Project Summary Chronic kidney disease (CKD) affects ~15% of the U.S. population. Although a broad range of insults initiate kidney injury, fibrosis is a hallmark of all forms of progressive CKD. In spite of advances in delineating pathways that contribute to kidney fibrosis, there are no specific treatments for this serious disorder. TGF-β signaling is a central mediator of fibrosis in multiple tissues making it an attractive therapeutic target. However, because these cytokines have a wide range of roles in human physiology and pathology, the challenge has been to find a therapeutic strategy that is selective for the diseased target tissue to improve efficacy and safety profiles. A promising approach is to disrupt TGF-β activation in the injured tissue. TGF-β is secreted as a latent, inactive complex that is sequestered in high concentrations in the extracellular matrix. A critical step in the regulation of TGF-β signaling is activation of the latent complex by binding of alpha v (αv) integrins to lysine-glycine-aspartic acid (RGD) motifs. In Aim 1 of this proposal, we will determine if a novel small molecule RGD peptidomimetic inhibitor of TGF-β activation will reduce kidney fibrosis in mouse models of nephrotoxicity, ischemia and urinary tract obstruction. Our preliminary studies indicated that this compound is safe and effective and thus a highly promising candidate for future translational studies in patients. Developing effective treatments for kidney disease requires increased knowledge about molecular mechanisms that drive progressive fibrosis of the organ. Myofibroblasts, derived from peri-vascular mesenchymal progenitor cells are the principal source of extracellular matrix deposition in organ fibrosis. However, the cellular and molecular pathways that control the formation of these cells in response to injury are not well understood. In Aim 2, we will investigate the molecular mechanisms by which alpha v (αv) integrins regulate the proliferation and differentiation of myofibroblasts after injury. These pre-clinical studies will advance knowledge about mechanisms of organ fibrosis and have the potential to identify a novel therapeutic strategy to treat chronic kidney disease in veterans.

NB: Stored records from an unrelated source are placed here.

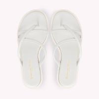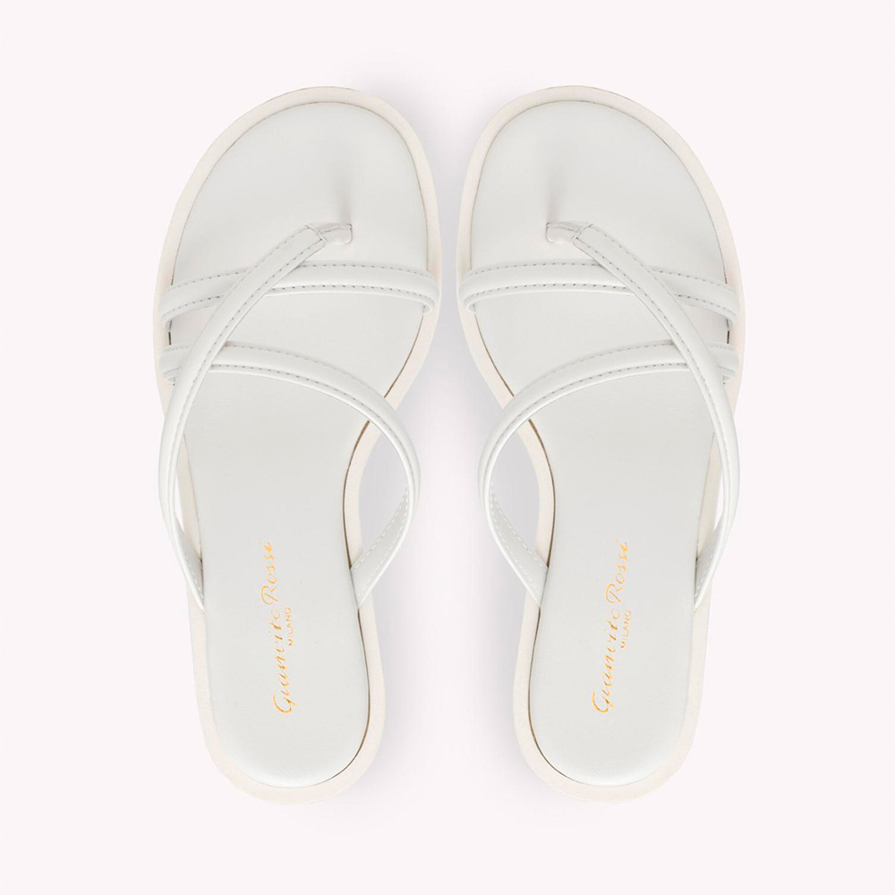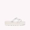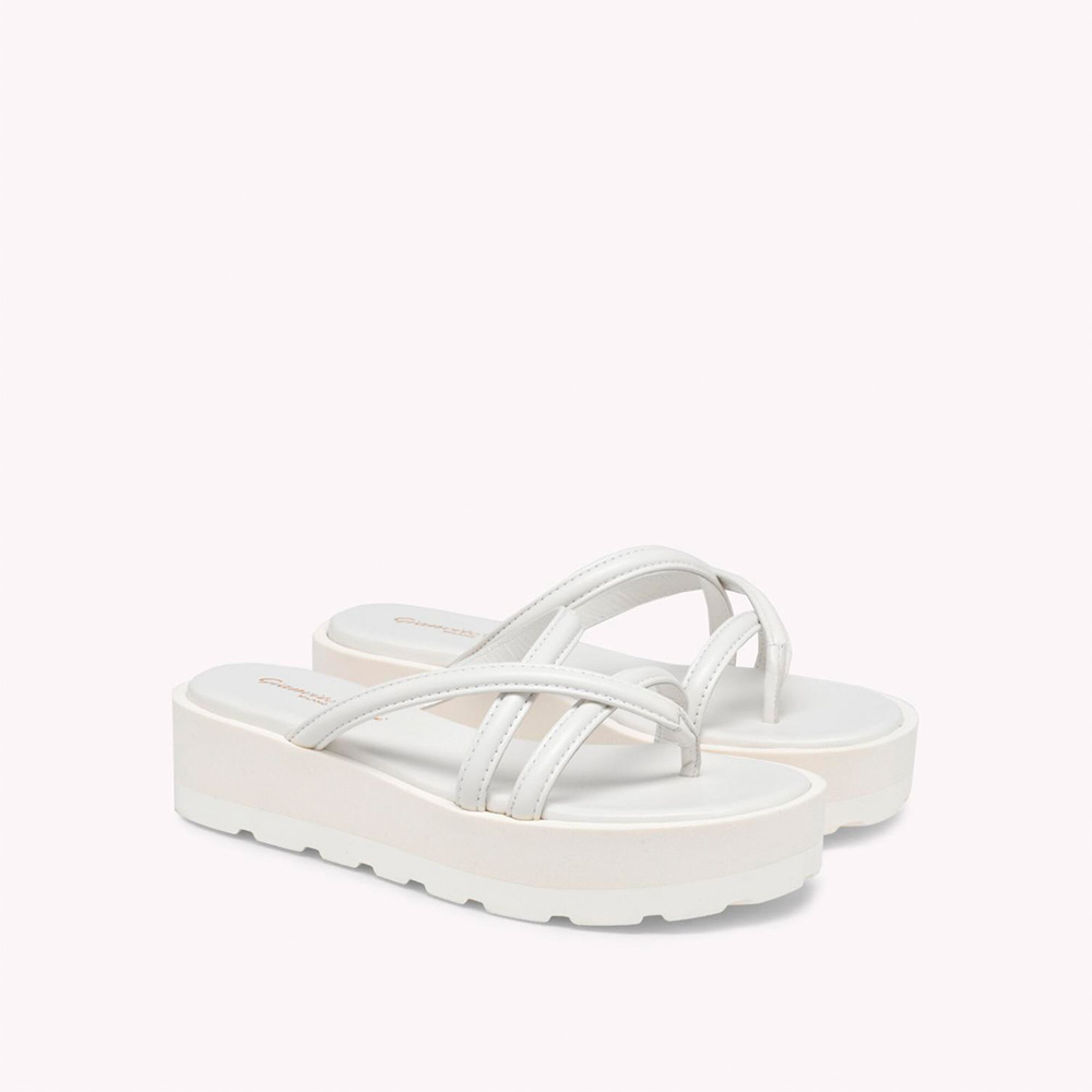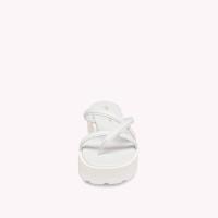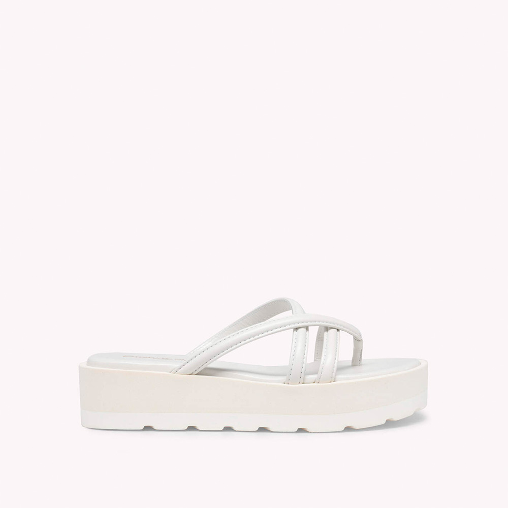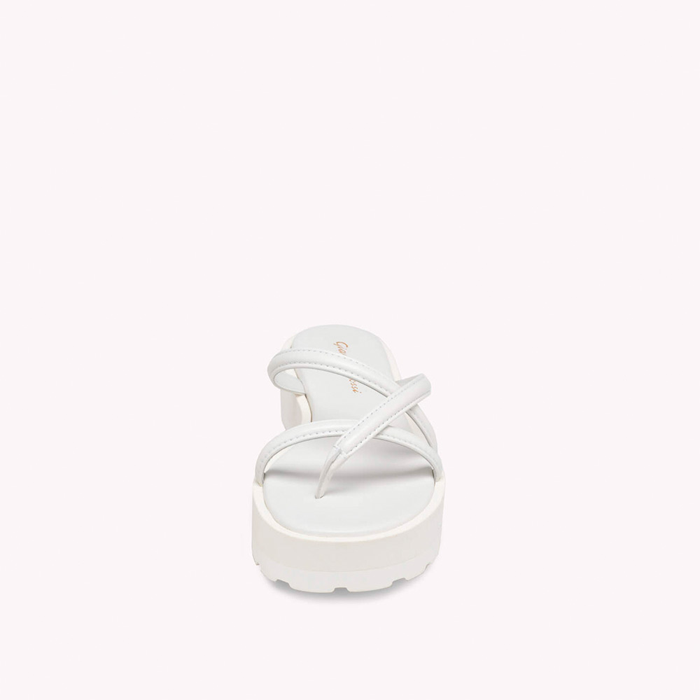 レザーから丹念に作り上げたラウンドトゥのトングサンダル、Nadina Thong。アシンメトリーなデザインのアッパーが目を引く一足です。フラットなプラットフォームソールの厚さは、前側が40mm、後ろ側が45mm。手作業によって仕上げました。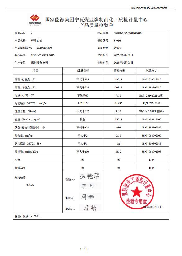 宁煤轻质白油W1-60 2025年2月1日指标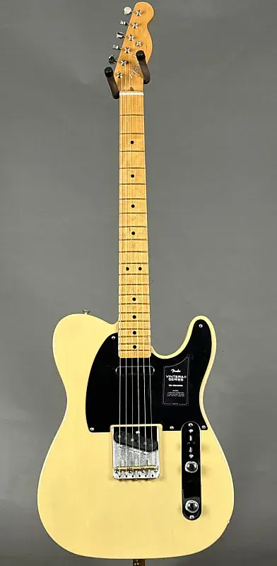 Особенности Vintera II '50s Nocaster включают корпус из ольхи и гриф из клена для классического звучания Fender с яркостью и насыщенностью. Гриф в форме «U» начала 50-х с толстыми плечами обеспечивает аутентичное ощущение и тон, тогда как накладка с радиусом 7,25 дюйма и высокими нотами в винтажном стиле обеспечивает удобство в игре и достаточно места для больших бендов и выразительного вибрато. Внутри вы найдете пару звукоснимателей в стиле '50s, которые передают кристально чистый звон и решительный, металлический твенг, ставшие визитной карточкой Fender. Мост в винтажном стиле с тремя седлами и латунными барабанными седлами предлагает аутентичный твенг 50-х, а колки в винтажном стиле придают классический вид с более точным передаточным числом и улучшенной стабильностью настройки. package.

项目摘要 慢性肾脏病（CKD）影响约15%的美国人口。虽然大范围的侮辱 在引发肾损伤时，纤维化是所有形式进行性CKD的标志。尽管在描绘 由于肾脏纤维化是通过多种途径导致的，因此对于这种严重的疾病没有特定的治疗方法。 TGF-β信号传导是多种组织中纤维化的中心介质，使其成为有吸引力的治疗靶标。 然而，由于这些细胞因子在人类生理学和病理学中具有广泛的作用， 挑战在于找到一种治疗策略，该治疗策略对于患病的靶组织是选择性的， 疗效和安全性特征。一种有希望的方法是破坏损伤组织中的TGF-β活化。TGF-β是 作为潜伏的、无活性的复合物分泌，其以高浓度螯合在细胞外基质中。一 调节TGF-β信号传导的关键步骤是通过结合α v（αv）激活潜在复合物， 整联蛋白与赖氨酸-甘氨酸-天冬氨酸（RGD）基序。在本提案的目标1中，我们将确定一部小说是否 TGF-β激活的小分子RGD肽模拟抑制剂将减少小鼠模型中的肾纤维化 肾毒性、局部缺血和尿路梗阻。我们的初步研究表明这种化合物 是安全和有效的，因此是一个非常有前途的候选人，为未来的翻译研究的患者。 开发有效的肾脏疾病治疗方法需要增加有关分子生物学的知识， 导致器官纤维化的机制。肌成纤维细胞，来源于血管周围 间充质祖细胞是器官纤维化中细胞外基质沉积的主要来源。 然而，控制这些细胞响应于损伤而形成的细胞和分子途径是 没有很好地理解。在目标2中，我们将研究α v（αv）整合素 调节损伤后肌成纤维细胞的增殖和分化。 这些临床前研究将促进对器官纤维化机制的了解， 有可能确定一种新的治疗策略来治疗退伍军人的慢性肾病。